# Can Anyone Help to Offer Insight?



## Mmdog60 (Apr 3, 2014)

So I've posted some things about my life on here before .....your replies have been helpful, amusing, and necessarily brutally honest...Past posts have Mainly been about staying the course with a long term girlfriend (3 years) or considering reconciliation with a cheating spouse (since divorced). Overwhelmingly the feedback from my friends here at TAM recommended that I should not look back and to forge on in developing this relationship with my girl friend. Well I did just that, but it has ended disastrously and she has moved out of my home. In doing so she has left a LIST IF THINGS (...demands) she does not like which I'll try to explain to you right now. The list......

1) I decided it was time to ring shop for the girl friend. In doing so I was caught by my girl friend shopping in a jewelry store. Rather than lie, I fessed up and told her why I was there and decided to incorporate her in the ring selection process to get ideas of what she would like. That day, That was the last she heard me speak about a ring (this was in June). After that, I actually ordered a ring and have been making payments on that she is unaware of that. My plan was to give her the ring in the spring on our fourth anniversary of dating (at the spot where we had actually met) Well she has badgered me (not in a joking or playful) non stop about a ring since she caught me in the jewelry store. Yelling at me as to why I have stopped talking about it (ring) etc....(her not knowing I purchased one). At any rate her behaviors about a ring have caused me to think - hell no I do not want to marry someone like that. This has caused a major strain on us. So that is one problem. Is her behavior normal? She has essentially totally ruined my planning (I had planned for a photographer to be hidden in woods nearby, etc.) of this event to eventually ask her to marry me.
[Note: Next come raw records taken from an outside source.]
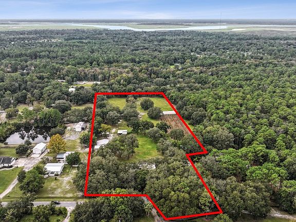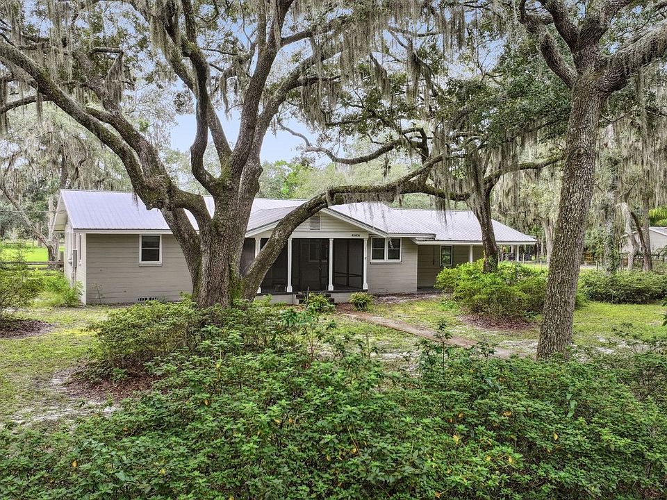 Experience the tranquility of farm life just minutes from the vibrant heart of Fernandina Beach. Nestled at the end of a cul-de-sac, this private and serene 6+ acre property offers ample space and seclusion. The land features a thriving ½-acre blueberry orchard, gorgeous mature trees throughout, a spacious detached garage, an additional accessory building, and two RV sheds. The beautifully maintained 3-bedroom, 3-bath home showcases wood floors, updated bathrooms, and a large open kitchen with stainless steel appliances, an island, and a professional-grade gas stove. Enjoy peaceful moments on the screened-in porch, where you can relax and take in the views of this beautiful property. With slider glass doors leading to the patio, solar-powered electricity, a full-home generator, and a durable metal roof, this home is move-in ready, blending modern convenience with rural charm. Book your private showing today!
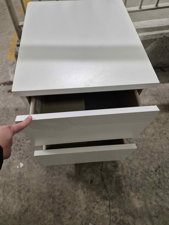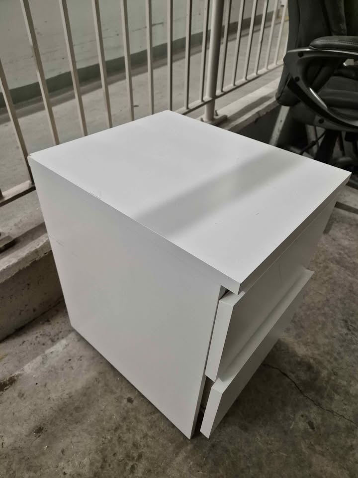 IKEA MALM chest of 2 drawers, which serves as a white bedside table. Please refer to the photos for dimensions. Pick up only.
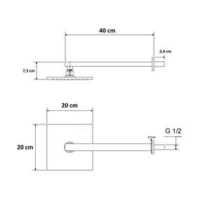 Especificações técnicas do produto e garantia. Marca: alpha hidrometais Cor: cromado Forma: quadrada Acabamento: polido brilhante Material ducha: aço inoxidável 201 Material tubo (cano): latão cobreado Modelo: ducha chuveiro quadrado Medidas ducha: 20 x 20 centímetros Medidas braço (cano): 40 centímetros Pressão mínima: 3 m.C.A. (coluna de queda de água) Bitola de conexão: 1/2 polegada com adaptador de 3/4 em metal Articulável: dispositivo que permiti ajustar ela na inclinação desejada.

2) Next, in cleaning out the attic of my house, she found a box of keepsakes of mine that dated back to high school and lasted through my marriage ....20 years worth of "stuff". In it were old notes from past girlfriends, and many cards from my ex wife (we were married for nearly 20 years). This flipped my girlfriend out and pushed her over the edge. She threw much of the stuff away while I was at work ...shredded it so I'm not sure what I even had... and even had tossed away a card my then young daughter wrote to me years back (girlfriend claims this was an accident). She also discovered a birthday card from my ex and my 3 kids signed in 2012...I was separated from ex in 2012 and dating girlfriend in 2012 so this further infuriated her causing her to ask why I held onto it (from kids too). The fact of me having a tote of keepsakes was the final cause of the termination of our relationship and her moving out. So am I wrong to have this box of stuff or should I have thrown it out long before she found it. About a year ago we found a similar box of hers and she threw it all away to which I told her not to and was sad for her that she did. Of course she threw that in my face when she discovered my tote.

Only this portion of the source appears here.